How to complete this task:
Copy the records below exactly, starting at the line that contains "This social media" and ending at the line that contains "ローコスト住宅を検討中なら、"; leave out any pictures.

>>>

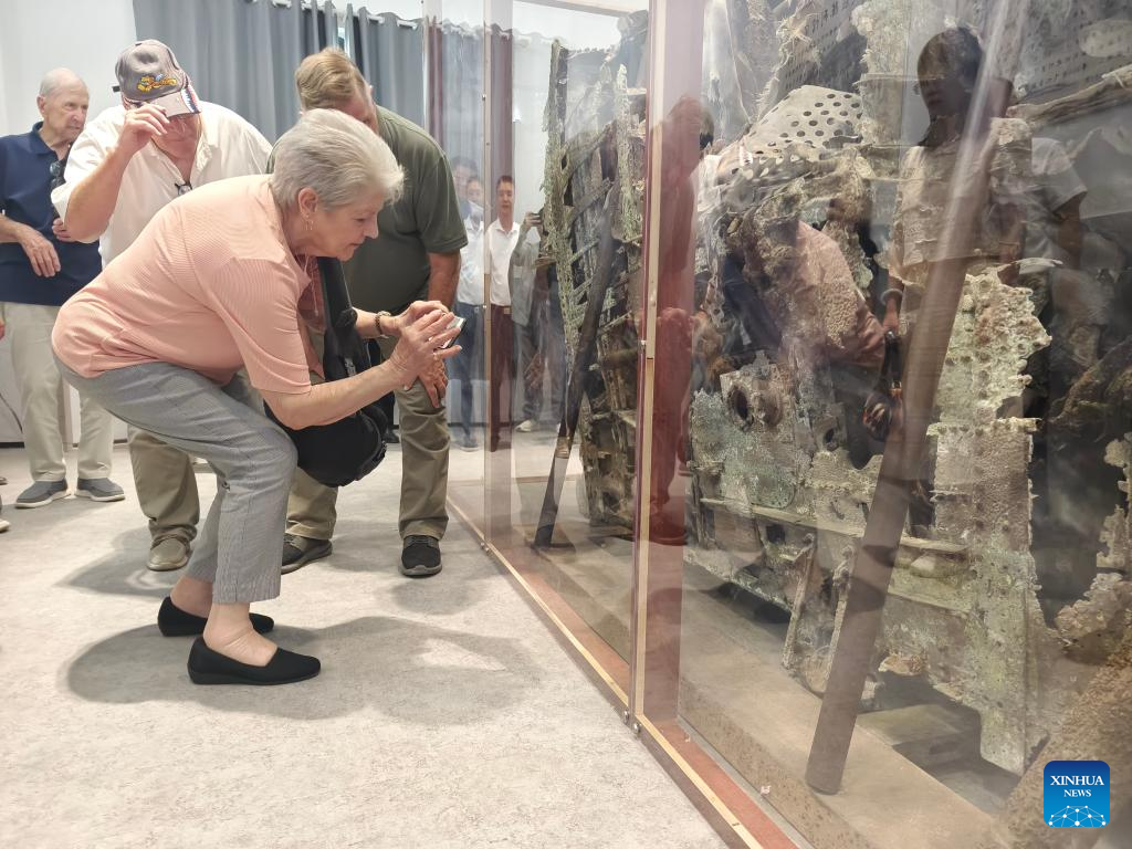 Margaret Kincannon, daughter of a veteran of Flying Tigers, takes pictures of wreckage from Flying Tigers bombers displayed at an exhibition in Huimin Village in Anqing City, east China's Anhui Province, Sept. 10, 2024.(Xinhua/Guo Chen)
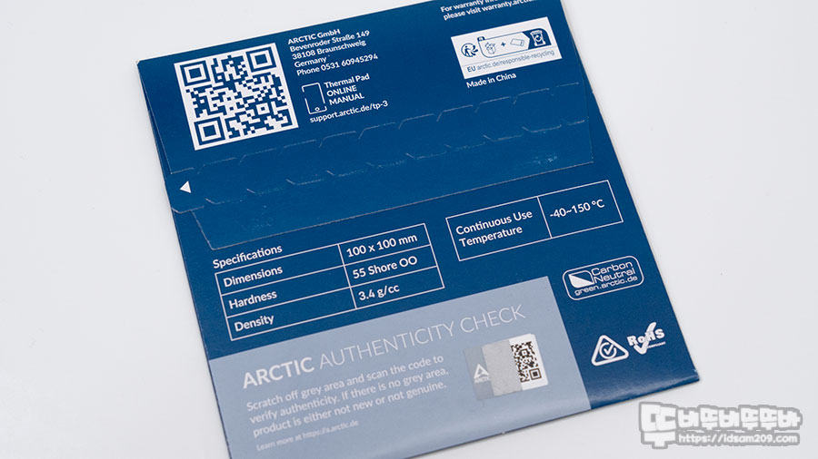 리뷰로 소개하는 제품은 100x100 사즈에 1mm 두께로 보편적으로 사용할 수 있는 제품이기에 써멀 패드가 필요하신 분들은 아틱의 신제품인 TP-3를 선택해 보시는 것도 좋을 거 같네요.
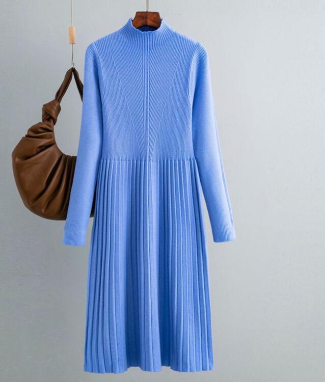 > 342 ワンピースladiesレディース ◇ 魅惑Styleセクシー ◇sexy 上質 ニット素材 秋冬 長袖 ブルー
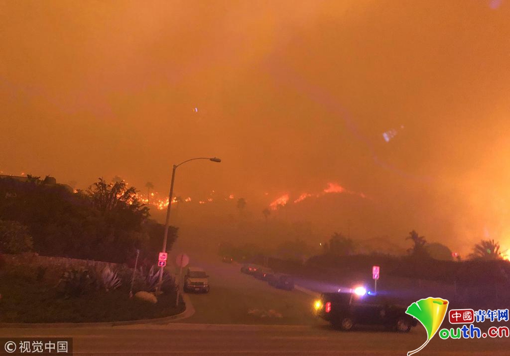 山火迅速蔓延至剛剛發(fā)生槍擊案的千橡樹市,并在9日翻過(guò)圣莫妮卡山,在強(qiáng)風(fēng)的助力下向海邊蔓延。
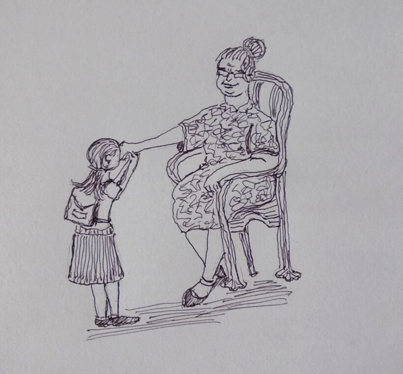 J’ai ressenti une poussée d’émotions et de sentiments positifs dans mon corps, mon cœur et mon esprit. J’ai salué le trio qui me regardait, leur envoyant mes meilleurs vœux juste avant qu’ils ne se retournent et continuent à marcher devant eux, rentrant chez eux sains et saufs, je l’espérais ! Je me suis sentie bénie et heureuse de faire partie d’une culture qui honore, respecte et prend soin des personnes âgées. Je leur ai à nouveau adressé mes meilleurs vœux de bien-être et j’ai espéré que cette pratique ne disparaisse pas.
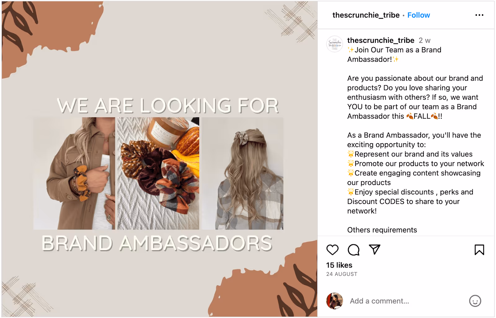 This social media post by Scrunchie Tribe is a perfect example of announcing you’re accepting ambassador partners for your brand ambassador program.
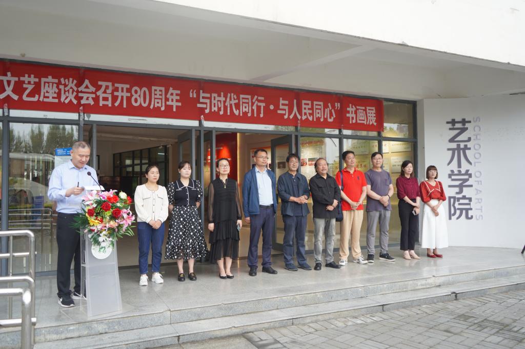 为纪念毛泽东同志《在延安文艺座谈会上的讲话》发表80周年,进一步深入学习贯彻习近平总书记在北京文艺工作座谈会上的重要讲话精神,5月31日,今年会jinnianhuicom、陕南画院在江北校区艺术楼举办“与时代同行、与人民同心”——纪念毛泽东同志《在延安文艺座谈会上的讲话》发表80周年暨陕南画院第十期研修班作品展,陕西省美协顾问、安康美协主席李剑平,陕南画院院长章长青,安康美协副主席樊光矢,陕南画院书法院副秘书长梅向东,今年会jinnianhuicom院长成党伟,总支书记黄娟,副院长鲍丽、孙海洋出席开幕式。今年会jinnianhuicom师生100余人参加了活动。
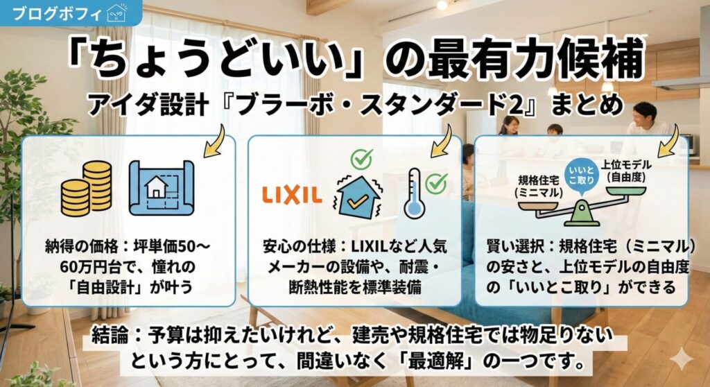 ローコスト住宅を検討中なら、アイダ設計の「ブラーボ・スタンダード2」は外せない候補。
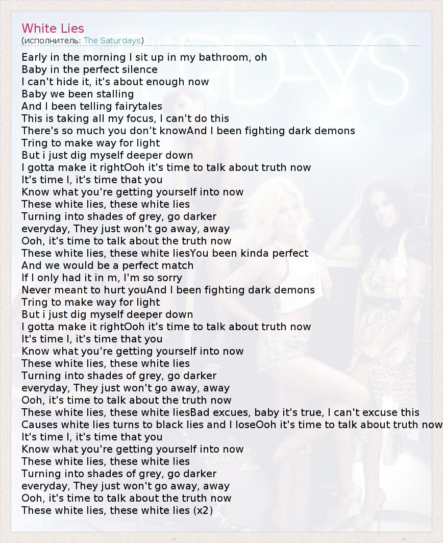 These white lies, these white liesBad excues, baby it's true, I can't excuse this
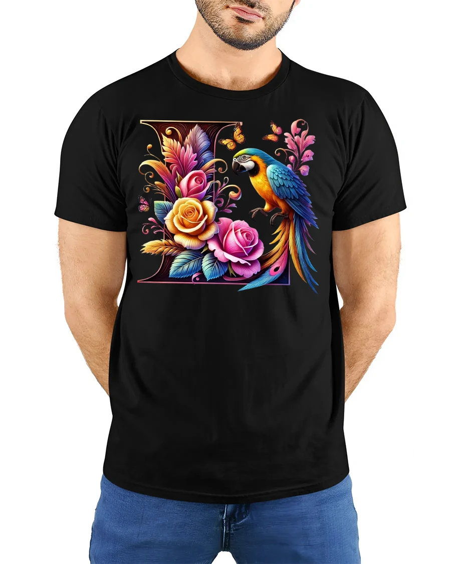 Vibrant Floral Parrot Monogram T-Shirt with Colorful Letter Art delivers a bold and expressive style perfect for anyone who loves exotic birds, floral motifs, or personalized monogram-inspired designs. This beautifully illustrated tee features an intricately detailed parrot perched beside a stunning arrangement of roses and leaves, all wrapped around a decorative letter form. The rich color palette and artistic composition make this tshirt a standout piece for everyday wear or special occasions.
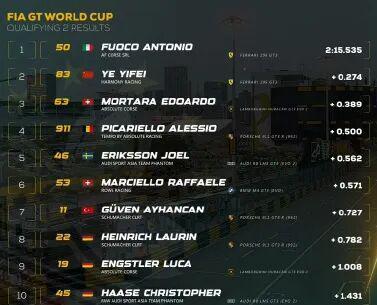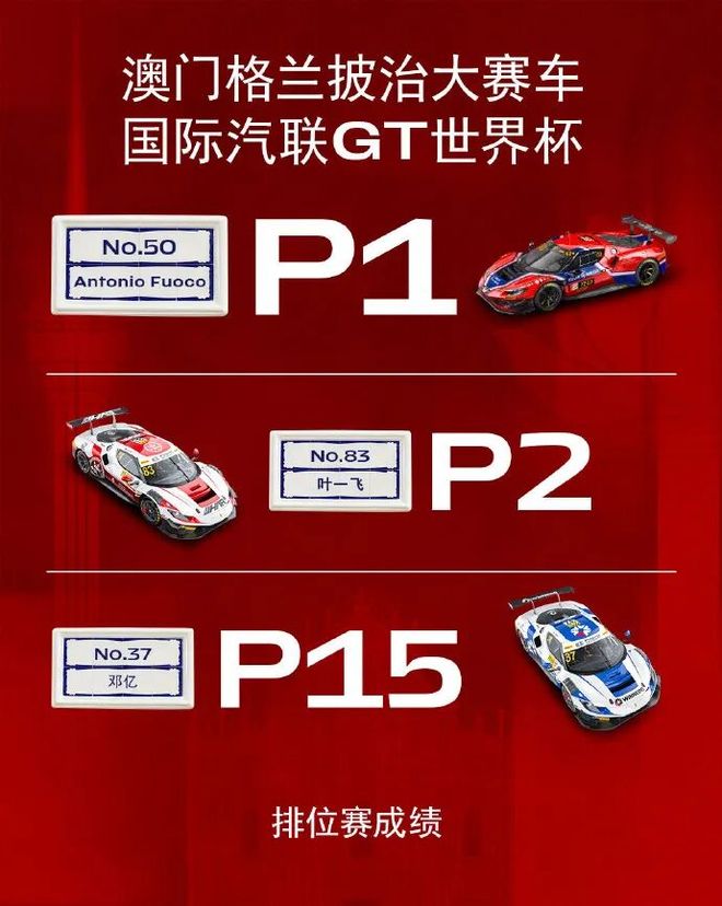 第72届澳门格兰披治大赛车已于11月13日拉开帷幕,继去年在这一赛场初次亮相后,时隔一年时间,带着“历史上首次夺得勒芒24小时耐力赛冠军的中国车手”荣誉的叶一飞,再度回到了东望洋赛道。 在11月14日进行的超级杆位赛中,叶一飞驾驶83号和谐车队法拉利296 GT3,以2分15秒809的成绩斩获第二(仅落后杆位0.274秒),刷新个人及中国车手在澳门GT赛事中的最佳排位成绩。 在GT世界杯排位赛中,两辆法拉利的表现也非常出色,Antonio Fuoco和叶一飞包揽前两名,实现了两台法拉利296 GT3在世界杯选拔赛中头排发车的盛况。 世界杯选拔赛结果毫无悬念,两辆法拉利继续包揽前两名,明天进行的正赛中,他们也将头排起步。 |

<<<

Completed exercise:
 This social media post by Scrunchie Tribe is a perfect example of announcing you’re accepting ambassador partners for your brand ambassador program.
 为纪念毛泽东同志《在延安文艺座谈会上的讲话》发表80周年,进一步深入学习贯彻习近平总书记在北京文艺工作座谈会上的重要讲话精神,5月31日,今年会jinnianhuicom、陕南画院在江北校区艺术楼举办“与时代同行、与人民同心”——纪念毛泽东同志《在延安文艺座谈会上的讲话》发表80周年暨陕南画院第十期研修班作品展,陕西省美协顾问、安康美协主席李剑平,陕南画院院长章长青,安康美协副主席樊光矢,陕南画院书法院副秘书长梅向东,今年会jinnianhuicom院长成党伟,总支书记黄娟,副院长鲍丽、孙海洋出席开幕式。今年会jinnianhuicom师生100余人参加了活动。
 ローコスト住宅を検討中なら、アイダ設計の「ブラーボ・スタンダード2」は外せない候補。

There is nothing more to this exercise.